I was shocked when I first heard my son proclaim his hatred of math. How could a boy who sees patterns in everything; who muses over the properties of odd numbers; and who likes to contemplate infinity possibly hate math? Surely, I reasoned, he must just be parroting older kids or complaining for the sake of complaining.
It turns out that this unwavering hatred of math began when he solved a problem in his STEM class using negative numbers (instead of subtraction). His teacher’s response was to tell him that he wasn’t allowed to solve it that way. I can just imagine the smoke bombs going off inside his head as he processed this directive.
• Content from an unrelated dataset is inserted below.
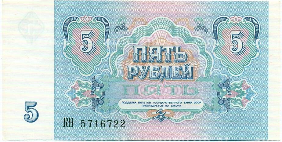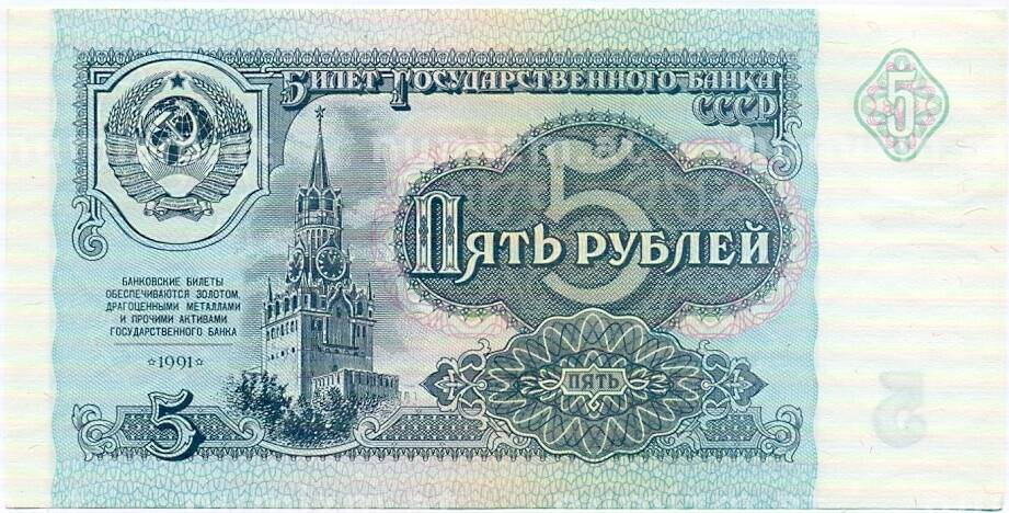 Банкнота 5 рублей 1991 года [Артикул: T11-32663]

He described his frustration to me, hands tossed up in the air: “And the really crazy thing is that I got the answer right!”
So it’s not that my son actually hates math. He just hated the rigidity of that math class. He was having fun playing with the concept of negative numbers, and was told that was wrong. He learned that in math class (and therefore in math), we blindly follow processes and specific algorithms to answer questions. In his frustration and boredom, he rejected this idea and joined the ranks of countless other children who “hate math.”
Most of these kids probably don’t actually hate math, either. We’ve just presented them with something worth hating and called it mathematics. We’ve confused them. Can you imagine if a Language Arts class consisted only of spelling drills and sentence diagramming, and we never allowed children to dive into beautiful works of fiction or powerful essays? If we didn’t give them a chance to actually write and express themselves? That is what we do to math. In describing this phenomenon in A Mathematician’s Lament, Paul Lockhart writes:
“Everyone knows that something is wrong [with math education]. The politicians say, “We need higher standards.” The schools say, “We need more money and equipment.” Educators say one thing, and teachers say another. They are all wrong. The only people who understand what is going on are the ones most often blamed and least often heard: the students. They say, 'Math class is stupid and boring,' and they are right.”
As a society, we tend to equate basic math skills work — procedures, memorization, drills — with mathematics itself. In doing so we lose sight of the essence of mathematics — the beauty of patterns, the perfection of imaginary worlds, and the flashes of creative insight involved in problem solving. We miss out on what Lockhart calls “The Art of Explanation.”
“If you deny students the opportunity to engage in this activity -- to pose their own problems, to make their own conjectures and discoveries, to be wrong, to be creatively frustrated, to have an inspiration, and to cobble together their own explanations and proofs -- you deny them mathematics itself.”
With this in mind, the first thing we need to do if we hear “I hate math” is to stop and think about how we’ve defined math for our kids (either explicitly, through our lesson plans, or in the classes they take). Have we followed the guidance of traditional math education and reduced math to a mere study of notation and processes? If so, we need to do some more inspired research about math (I recommend starting with Lockhart’s book). Then we need to follow up with some serious damage control. We need to redefine how our children see math.
This means, first-and-foremost reducing the amount of time we spend on drills and processes. Then, we can fill our newfound time exploring a genuine expression of math that appeals to our children. For elementary aged children, this could mean exploring geometry through art; learning about the history of arithmetic and number systems; grappling with some simple, informal proofs; doing logic games and puzzles; building with different shapes and angles; or reading biographies of mathematicians struggling with big math problems. There are so many fun possibilities. (If you need some starting ideas, check out my Math Page. I’ll be periodically posting activity ideas there.)
The best entry point into playful mathematics will be different for every child, depending on their temperament and interests. The overall goal, though, is the same: spend less time on formulas and processes, and give these basic tools some context and meaning. Let children see mathematics as an art that has evolved over time, that is available for them to explore.
Inevitably, this more balanced approach is going to mean tackling the standards at a different pace than in public school, and in a different order. It might even mean letting some of those standards go by the wayside. But if children see the beauty of math, and are given a chance to play, they will be more willing to practice the repetitive drills needed to acquire skills. They will also be more adept at real mathematical thinking. For example, from my own personal experience, I can attest that the logic games I played as a child outside of the classroom helped me just as much with my advanced math classes and computer science work, as the skillswork that I practiced in math class.
Ultimately, shifting mindsets about math may take a bit of a leap of faith. For most of us, it will mean a radical departure from our own mathematics education. It will also require accepting the risk that our children might not hit all those standards. But if your kids routinely proclaim their hatred of math, then something needs to change. And ultimately, if we can help our children see the joy that exists in real math, they will have gained for more than they could possibly have lost.